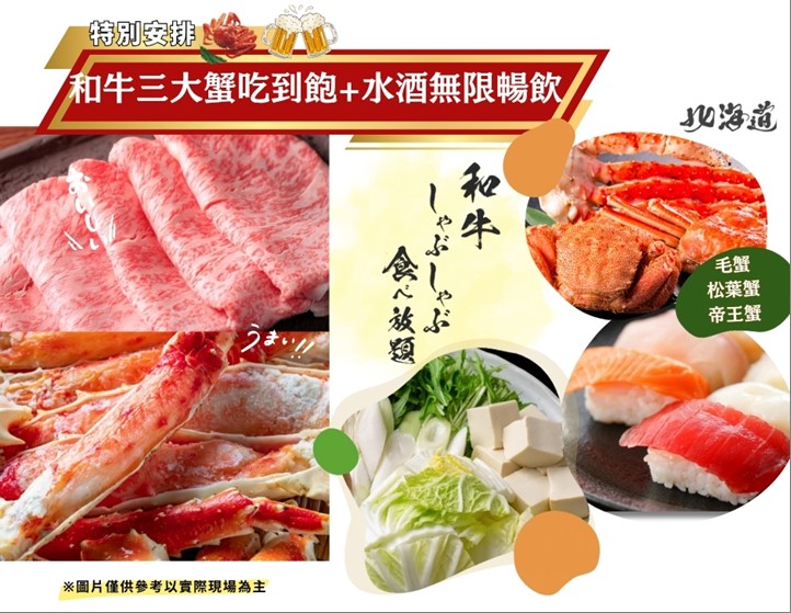 晚餐: 三大蟹+和牛涮涮鍋吃到飽+水酒無限暢飲(80分鐘)
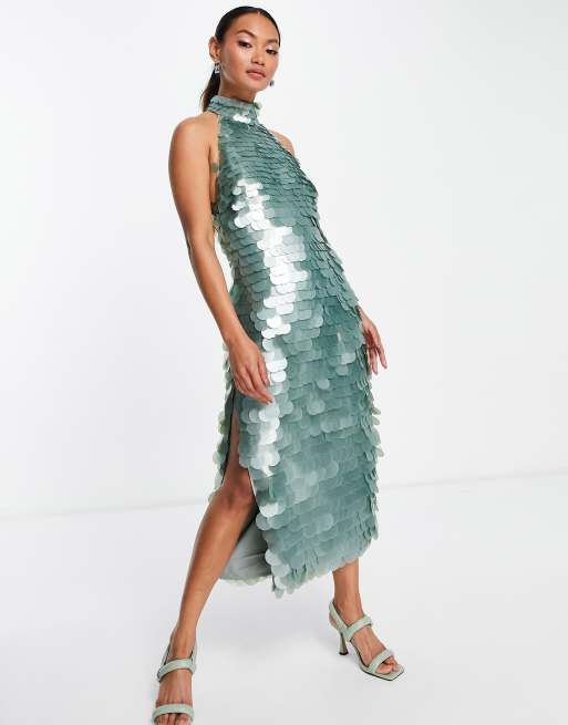 ASOS DESIGN high neck disc sequin midi dress
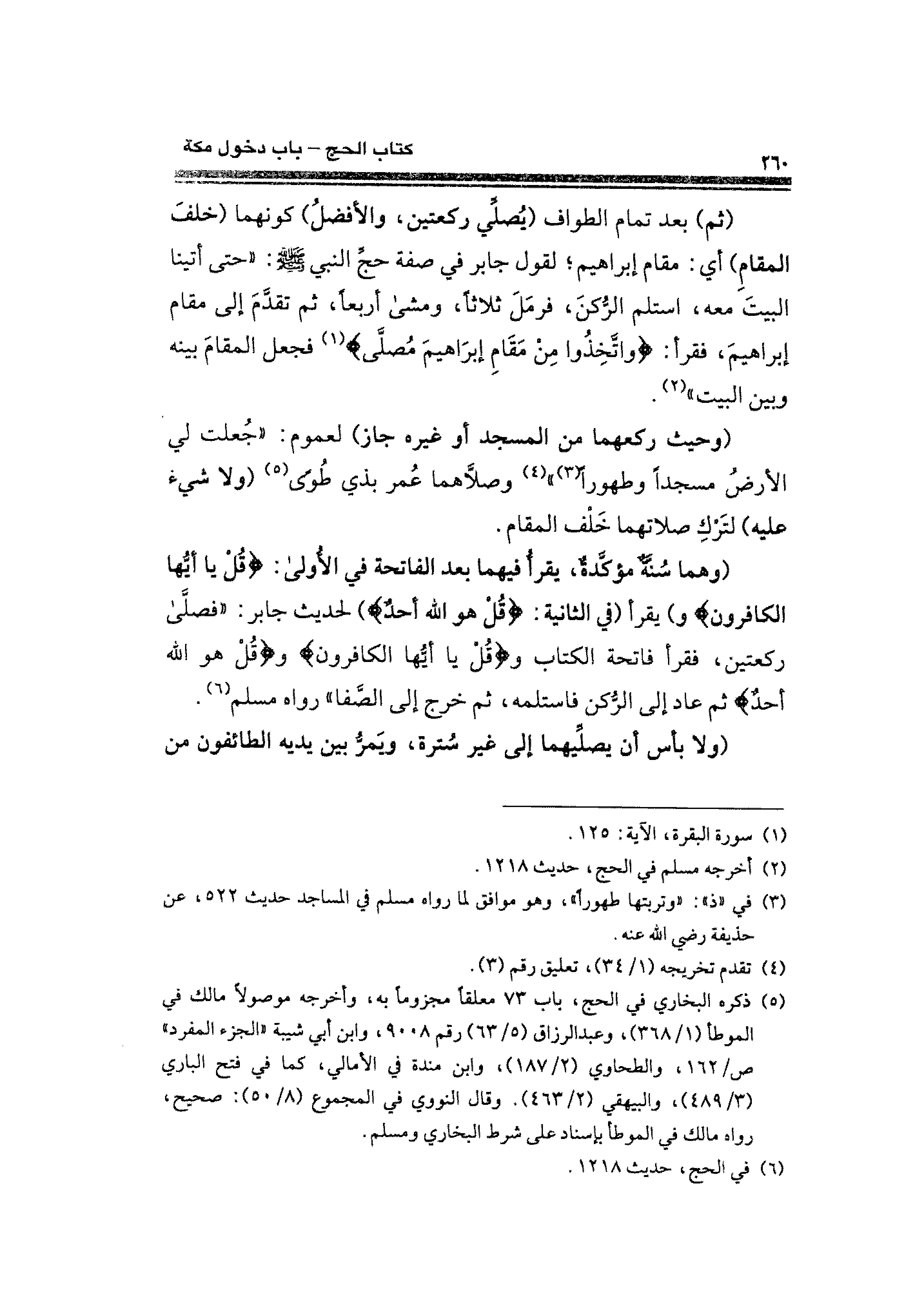 (وحيث ركعهما من المسجد أو غيره جاز) لعموم: "جُعلت لي الأرضُ مسجدًا وطهورًا (¬٣) " (¬٤) وصلَّاهما عُمر بذي طُوًى (¬٥) (ولا شيء عليه) لتَرْكِ صلاتهما خَلْف المقام.
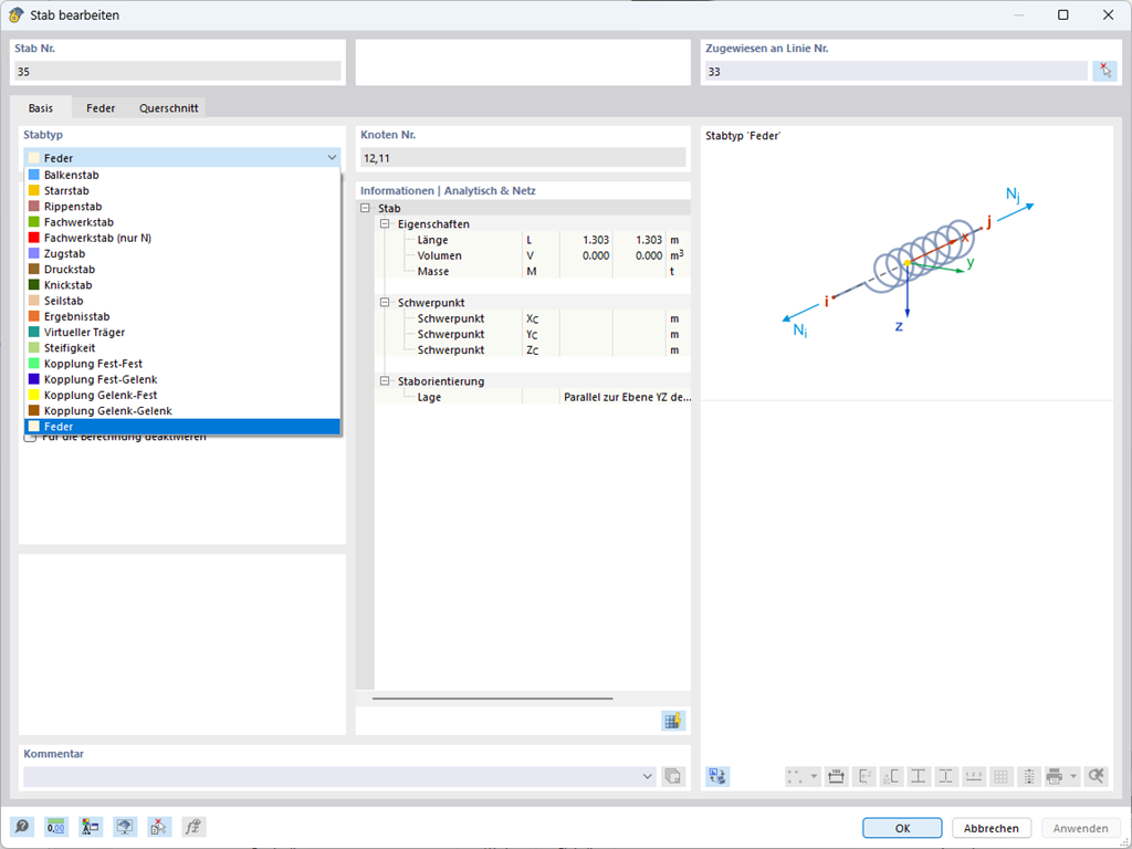 Der Stabtyp "Feder" dient der Simulation von linearen und nichtlinearen Federeigenschaften über ein lineares Objekt. Diese Eingabefunktion hilft Ihnen dabei, Steifigkeitsvorgaben in der Einheit Kraft/Weg im Modell umzusetzen.

▸ **What is expected**: Where a picture appears in the material above, skip it, and print the rest exactly.

▸ **Reply to the task**:
 晚餐: 三大蟹+和牛涮涮鍋吃到飽+水酒無限暢飲(80分鐘)
 ASOS DESIGN high neck disc sequin midi dress
 (وحيث ركعهما من المسجد أو غيره جاز) لعموم: "جُعلت لي الأرضُ مسجدًا وطهورًا (¬٣) " (¬٤) وصلَّاهما عُمر بذي طُوًى (¬٥) (ولا شيء عليه) لتَرْكِ صلاتهما خَلْف المقام.
 Der Stabtyp "Feder" dient der Simulation von linearen und nichtlinearen Federeigenschaften über ein lineares Objekt. Diese Eingabefunktion hilft Ihnen dabei, Steifigkeitsvorgaben in der Einheit Kraft/Weg im Modell umzusetzen.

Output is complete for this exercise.